Victoria College was founded as the Upper Canada Academy by the Wesleyan Methodist Church. In 1831, a church committee decided to locate the academy on four acres (1.6 hectares) of land in Cobourg, Ontario, east of Toronto, because of its central location in a large town and access by land and water. In 1836, Egerton Ryerson received a royal charter for the institution from King William IV in England, while the Upper Canadian government was hesitant to provide a charter to a Methodist institution. This was the first charter ever granted by the British Government to a Nonconformist body for an educational institution. The school officially opened to male and female students on October 12, 1836, with Matthew Richey as principal. Although the school taught a variety of liberal arts subjects, it also functioned as an unofficial Methodist seminary. In 1841, it was incorporated as Victoria College, named in honour of Queen Victoria, and finally received a charter from the Upper Canadian Legislature.
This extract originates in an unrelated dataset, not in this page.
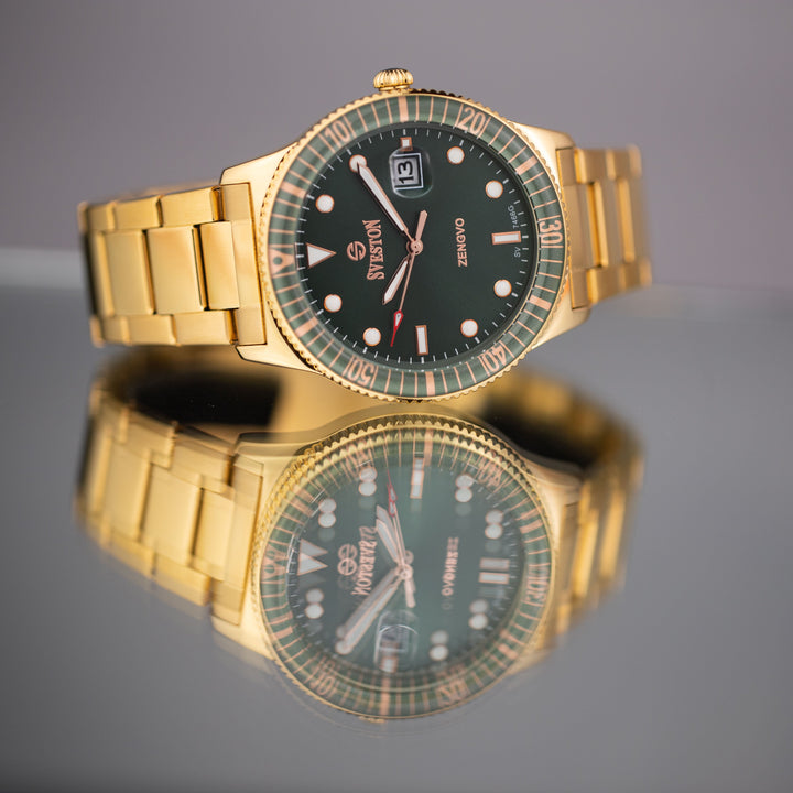 Sveston Zengvo is a analog battery powered 3 hand wrist watch, features a 39 mm round case on a Classic Stainless steel with Pushbutton Deployment Clasp. Functions include hours, minutes, small seconds and date window on the Right. This watch comes complete with luxury box and 1 year international warranty.
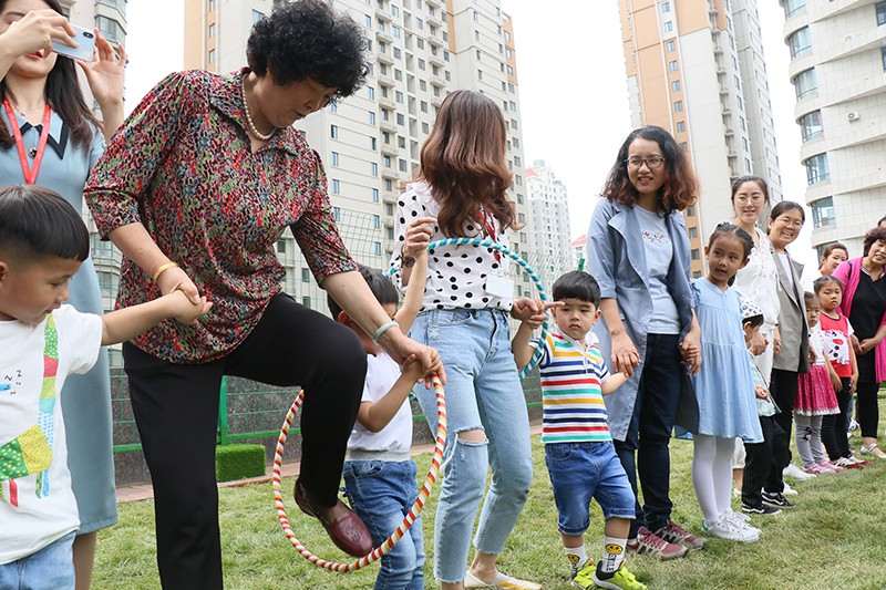 當(dāng)歡快的音樂聲響起,兩名老師帶領(lǐng)家長和孩子們跳起了舞蹈。大手牽小手,燦爛的笑容,俏皮的動作,一段美妙的親子時光慢慢上演。

Victoria University formed in 1884 with the merger of Victoria College and Albert College in Belleville. In 1890, due to financial and geographic difficulties, the university federated with the University of Toronto. As a result of the merger, Victoria relinquished its degree-granting powers to the University of Toronto, except for in theology. In 1892, Victoria University moved from Cobourg to its current campus on Queen's Park Crescent, south of Bloor Street (at Charles Street West), in Toronto.
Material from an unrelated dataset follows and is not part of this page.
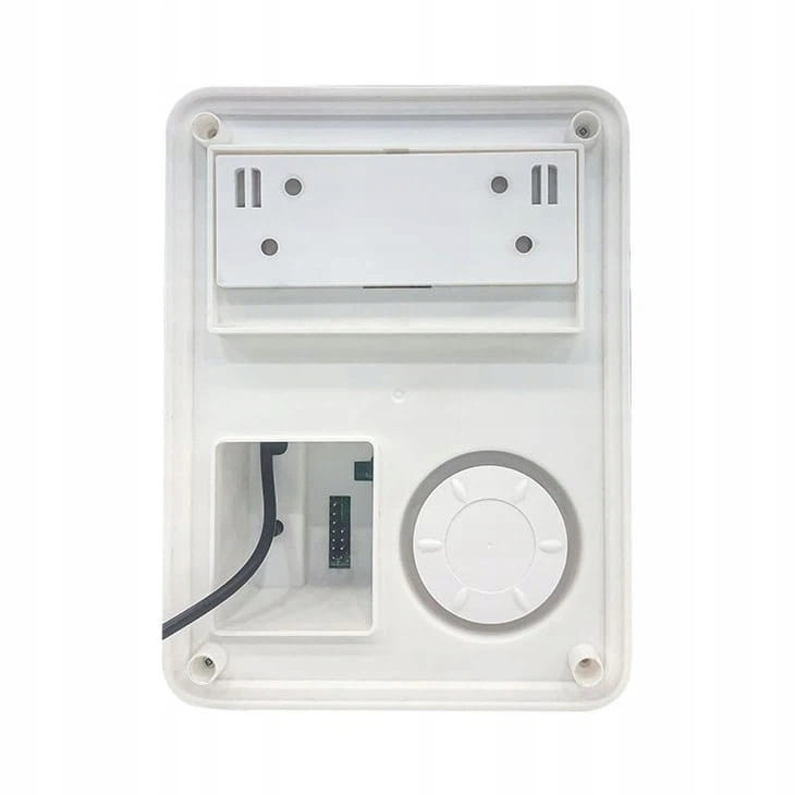 Na tylnej obudowie znajduje się przycisk w formie blaszki, który zabezpiecza przed nieuprawnionym zdjęciem syreny ze ściany.
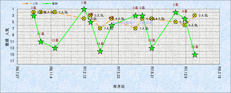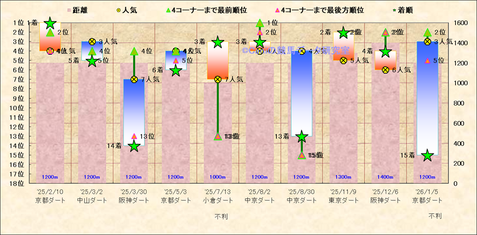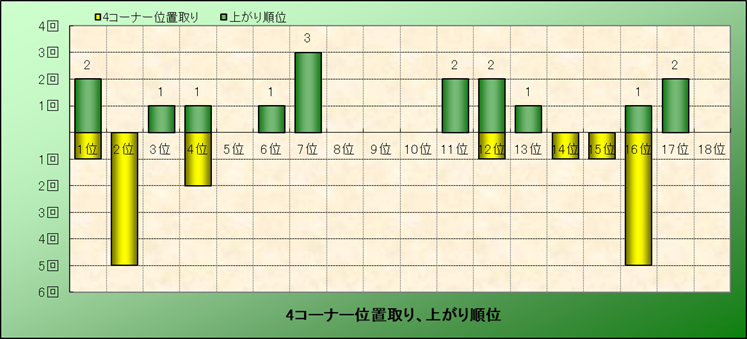 脚質解析 近20レースの4コーナーでの位置取りと上がり順位(頭数補正後) |

A plaque was erected at 100 University Avenue at the intersection with College Street in Cobourg, Ontario.

Victoria College

The cornerstone of this building was laid June 7, 1832, and teaching began in 1836. First operated under a royal charter by the Wesleyan Methodists as Upper Canada Academy, in 1841 it obtained a provincial charter under the name of Victoria College, giving it power to grant degrees. Victoria's first president was the Reverend Egerton Ryerson, newspaper editor and founder of Ontario's present educational system. In 1890 the college federated with the University of Toronto and, in 1892, left Cobourg.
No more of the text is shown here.